Footage from outside the club shows the moment 52-year-old Edward Tenniswood spots Chipchase and tells her: "I'll get you home safe".
In a story dismissed as lies by prosecutors, he claimed they later had consensual sex and she died due to his "over-eagerness".
But a jury took less than two hours today to find him guilty of Chipchase's rape and murder after hearing his blood was found under her fingernails.
He was jailed for life yesterday and ordered to serve a minimum of 30 years, meaning he will be at least 82 years old if he is ever released from prison.
As the trial concluded, it emerged that:
• Tenniswood, who strangled Miss Chipchase, previously attacked two other women, one of whom he grabbed by the throat.
• He kept photos of a model who bore a striking resemblance to Miss Chipchase and claimed he was in a relationship with the cover girl, who insisted she had never met him.
• Photos from inside his home show how the killer covered surfaces in dust sheets, newspaper and clingfilm because he was obsessive about dirt.
• The victim's father told of his heartbreak at having to attend his daughter's cremation and knowing he will never walk her down the aisle at her wedding.
As the verdicts were delivered, Tenniswood looked down then dropped his face into his hands.
His invented story of what happened on the night of India's killing had added to her family's pain. Her relatives, who were in the public gallery of the court, wept as the verdicts were returned.
Sentencing Tenniswood today, Judge John Saunders QC said: "This was a terrible crime. It committed because the defendant was determined to satisfy his own sexual desires on an attractive and much younger woman
"It was a crime of utter depravity. I have no doubt that he was very persuasive, and convinced India in her befuddled state to come with him by promising her that she would be safe.
"The defendant picked on her because she was obviously drunk and obviously so drunk that she was unable to care for herself."
Chipchase's father Jeremy Chipchase, a doctor who lives in Adelaide, Australia, said: "I sincerely hope there's no possibility that another woman ever falls into the hands of my daughter's murderer."
Chipchase had been studying a diploma in health and social care, and lived with her mother, Suzanne, in upmarket Wootton, Northampton.
The murder trial at Birmingham Crown Court heard she had arrived at NB's bar with friends at around 11.30pm on January 29 this year.
Chipchase was later seen slumped at the bar and dropping her handbag on the floor. She then left the club and told a doorman outside "I just want to go home".
The doorman put her into a cab, but Chipchase jumped out of the vehicle following an apparent disagreement with the driver over money.
She then waited outside the club and was approached by Tenniswood, an "oddball" who kept a horde of newspaper cuttings of women at his squalid home in the city.

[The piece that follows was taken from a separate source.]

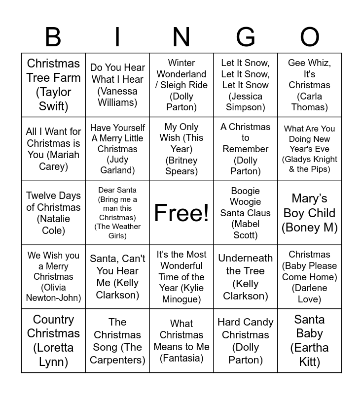 This bingo card has a free space and 53 words: Rockin' Around the Christmas Tree (Brenda Lee), Santa Baby (Eartha Kitt), Merry Christmas, Baby Please Come Home (Darlene Love), Hard Candy Christmas (Dolly Parton), Santa, Can't You Hear Me (Kelly Clarkson), Ave Maria (Celine Dion), Do You Hear What I Hear (Vanessa Williams), What Christmas Means to Me (Cher), All I Want for Christmas is You (Mariah Carey), Sleigh Ride (The Ronettes), Have Yourself A Merry Little Christmas (Judy Garland), Where Are You Christmas (Faith Hill), Christmas (Baby Please Come Home) (Darlene Love), Underneath the Tree (Kelly Clarkson), O Holy Night (Carrie Underwood), Country Christmas (Loretta Lynn), My Only Wish (This Year) (Britney Spears), Boogie Woogie Santa Claus (Mabel Scott), Little Drummer Boy (Joan Jett), Gee Whiz, It's Christmas (Carla Thomas), Dear Santa (Bring me a man this Christmas) (The Weather Girls), I Believe in Santa Claus (Dolly Parton), A Christmas to Remember (Dolly Parton), Christmas Tree Farm (Taylor Swift), Santa Tell Me (Ariana Grande), The Christmas Song (The Carpenters), I Saw Mommy Kissing Santa Claus (The Ronettes), Jingle Bells (Barbra Streisand), Winter Wonderland (Aretha Franklin), What Are You Doing New Year's Eve (Gladys Knight & the Pips), Do You Hear What I Hear? (Whitney Houston), Baby It's Cold Outside (Zooey Deschanel), Frosty the Snowman (The Ronettes), Santa Claus is Coming to Town (The Pointer Sisters), This Christmas (Christina Aguilera), My Kind of Present (Meghan Trainor), Let It Snow, Let It Snow, Let It Snow (Jessica Simpson), What Christmas Means to Me (Fantasia), Winter Wonderland / Sleigh Ride (Dolly Parton), Santa Claus is Coming to Town (Mariah Carey), Happy Christmas (War is Over) (Christina Perri), Feliz Navidad (Boney M), Mary’s Boy Child (Boney M), Auld Lang Syne (Boney M), I Want a Hippopotamus for Christmas (Gayla Peevey), It’s the Most Wonderful Time of the Year (Kylie Minogue), Rudolph the Red Nosed Reindeer (Ella Fitzgerald)47, A Holly Jolly Christmas (Lady A), Twelve Days of Christmas (Natalie Cole), We Wish you a Merry Christmas (Olivia Newton-John), A Marshmallow World (Brenda Lee), Christmas Cookies (Lainey Wilson) and Suzy Snowflake (Rosemary Clooney).

CCTV footage shows the pair having a heated conversation, before Tenniswood helps her towards a taxi.
Prosecutor Christopher Donnellan told the trial: "Others nearby thought from the way he spoke to her, he knew her.

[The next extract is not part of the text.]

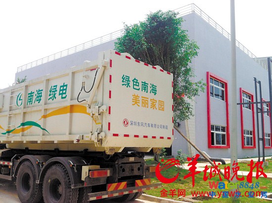 ▲密封的污泥運(yùn)輸車將一車污泥運(yùn)到南海綠電投資建設(shè)的干化處理廠區(qū)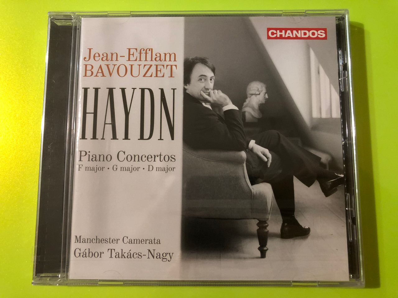 Ez a 2014-es Chandos Records kiadvány a többszörös díjnyertes francia zongoraművész, Jean-Efflam Bavouzet előadásában mutatja be Joseph Haydn három vibráló zongoraversenyét. A magyar karmester, Takács-Nagy Gábor lendületes vezényletével a Manchester Camerata olyan tiszta és energikus kíséretet nyújt, amely tökéletesen kiegészíti Haydn szellemességét és eleganciáját. A műsor tartalmazza az F-dúr, G-dúr és a híres D-dúr zongoraversenyt. A tisztaságáról és ritmikai precizitásáról ismert Bavouzet friss szemléletet hoz ezekbe a művekbe, sőt, saját eredeti kadenciákat is komponált ehhez a felvételhez. Elengedhetetlen darab a prémium minőségű klasszikus zongorafelvételek kedvelői számára.

"He was overheard by others to say, 'not to worry', and he'd get her home safe - he didn't."
The only person to see Chipchase after that was a neighbour of Tenniswood's who saw him helping her across the road.
The CCTV footage shows the taxi going through the town as Tenniswood directed it, via a petrol station, to his home.

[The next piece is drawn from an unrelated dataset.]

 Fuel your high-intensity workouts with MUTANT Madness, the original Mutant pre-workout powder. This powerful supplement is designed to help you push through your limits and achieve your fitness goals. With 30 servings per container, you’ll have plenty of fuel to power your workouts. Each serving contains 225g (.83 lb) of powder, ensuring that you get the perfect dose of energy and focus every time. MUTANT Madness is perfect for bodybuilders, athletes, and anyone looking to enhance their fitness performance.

Chipchase attempted to call a friend who was in a nightclub and couldn't hear his phone, and sent a Snapchat message shortly after she arrived at Tenniswood's house.
The following morning, after Chipchase's parents reported her missing, police broke into Tenniswood's home and found her dead.
Police came to the house after an officer recognised Tenniswood in CCTV images and her mobile signal was traced to the location.
Her body was found on a mattress with her hair placed "like a halo" around her head.
Tenniswood had earlier checked into the Ibis Hotel in Northampton, where he was again spotted on CCTV.
The footage released by police shows officers arresting him at the hotel. He told them: "I'm surprised you were so quick. You didn't take very long to find me."
Giving evidence during the two-week trial, Tenniswood claimed the pair had "loving" and "organic" sex, during which she instructed him to put his hands around her neck.
He insisted he didn't realise she had choked and went to sleep for a few hours before waking to discover her not breathing.
But prosecutor Donnellan told the jury: "You can't believe a word the defendant says. It's garbled nonsense... He is an oddball."
The court heard Tenniswood kept newspaper clippings of women who looked like his ex-girlfriends in his "squalid" home.
He drank up to three boxes of red wine per day, and usually kept six bottles of cheap Sainsbury's wine in his home.
Tenniswood claimed he kept most of his belongings covered in dust sheets because of 'OCD' and wrapped his computer keyboard in cling film to keep it clean.
Detective Chief Inspector Steve Woliter said after the case: "India was a young woman at the start of her life, who should have been able to enjoy a night out with friends and return home without coming to any harm.
"It is clear that Tenniswood targeted India at a point when she was most vulnerable and unable to defend herself - the actions of the worst kind of predator.
"My lasting hope is that India's family is able to take some kind of solace in the fact that Tenniswood will not be able to prey on any other young women who are innocently going about their lives."